鲜血溅出来,染红了地面,也染红了他的眼睛。
他张着嘴,却喊不出声。
………
父母的尸体被扔在木柴堆上,连同二伯、三伯、村长,还有村里所有人。
火把丢上去,火焰腾地蹿起来,烧得噼啪作响。
乔福安和村里的孩子们被塞进马车上的木笼里,绑着手,像货物一样码着。
马车晃晃悠悠的走动,他回头望着身后那片冲天的火光。
还有火光中渐渐烧塌的村庄,眼泪不停地往下淌,却哭不出声。
不知道走了多远,不知道过了多久。
他们下车、上船、最后被带到了一座四面都是海水的岛屿上。
接下来的日子,是没完没了的催眠、灌输、训练。
有人告诉他们,是组织救了他们的命,要一辈子报答组织的恩情。
有人教他们各种本事——怎么用话术控制人,怎么配药,怎么伪装,怎么杀人。
记不住的就淘汰。
淘汰的意思,就是消失。
乔福安咬着牙,撑下来了。
他心里一直揣着一件事——他要找到那些杀了他全家的人,为父母报仇。
可现在,当他被王凡解除了催眠,真正的记忆像潮水一样涌回来的时候,他什么都明白了。
什么兵匪洗劫,什么救命之恩,全是假的。
那些杀人的,就是组织的人。
杀他父母的白胡子容貌,也从模糊变的清晰。
竟然,就是从小教他各种知识的老师。
虽然他改变了面容和说话的声音,但他手臂上那条红色如蜈蚣般的伤疤,却暴露了他的身份。
他们杀了他全家,烧了他全村,就是为了把他——一个八岁就能诵读诗书的“小神童”——带回岛上,训练成工具。
年年如此,全国各地,不知道有多少孩子,被这样“补充”成了新鲜的“血液”。
王凡坐在对面,看着乔福安脸上的表情从恐惧变成愤怒,又从愤怒慢慢归于平静,心里算是松了口气。
看来这家伙扛住了,没被隐藏的记忆冲击,搞垮精神。
他又点了根烟,慢慢抽着,等着。
又过了一支烟的功夫,乔福安慢慢睁开了眼睛。
那双眼睛跟之前不一样了。
之前是那种训练出来的冷静,像一潭死水,看不见底。
现在还是冷静,但底下有什么东西在涌动,像是冰层下面藏着的暗流。
他看了眼桌上的酒菜,伸手拿起面前那杯斟满的酒,慢慢地,一口一口地喝完了。
放下杯子的时候,手很稳。
“督军。”他开口了,声音有些哑,但语气平静得出奇,“我叫乔福安,今天您做的这些,我已经明白其中深意。”

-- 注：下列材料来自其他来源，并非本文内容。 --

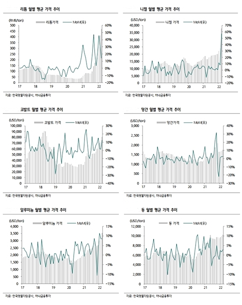 하나금융투자가 11일 발표한 최근 배터리 산업분석 자료 ‘Battery Weekly: 실적 호조와 투자 확대의 콜라보’에 따르면, 주요 광물 가격의 경우, 2월 가격은 전월과 대비해 △리튬 30% △니켈 8% △코발트 2% △망간 2% △구리 2% △알루미늄 9% 상승했으며, 3월은 2월과 대비해 △리튬 14% △니켈 57% △코발트 13% △망간 3% △구리 3% △알루미늄 9% 상승했다.

他顿了顿,像是在斟酌措辞:“但我需要一些时间,去核实一些信息。
如果都是真的,我愿效忠于您。
恳请您,帮助我为父母为亲人们报仇。”
王凡盯着他看了几秒,点了点头:“好,我相信你。”
他拿起酒瓶,给乔福安的杯子重新倒满。
“我的行事作风,你也知道。
对百姓怎么样,对手下怎么样,你心里有数。”他放下酒瓶,靠在椅背上。
“今天我先提前给你点福利——算是效忠于我的预支。”
他在心里对无敌说:“标记他,两倍身体强化。
强化过程增加点特效,别让他感觉得到的太轻松。”
“收到。
目标标记完成,两倍身体强化开始。”无敌的声音干脆利落。
话音刚落,乔福安的身体猛地一僵。
他双手撑住桌沿,指节泛白,额头上青筋暴起,像是在承受什么巨大的力量。
但整个过程也就持续了十几秒,他的呼吸就重新平稳下来,缓缓松开了手。
他低头看了看自己的手掌,又握了握拳,眼神里闪过一丝难以置信。
“这是……”他抬起头看着王凡,声音里终于有了点波澜。
“小意思。”王凡端起酒杯,冲他扬了扬,“以后跟着我,这种好处还多的是。”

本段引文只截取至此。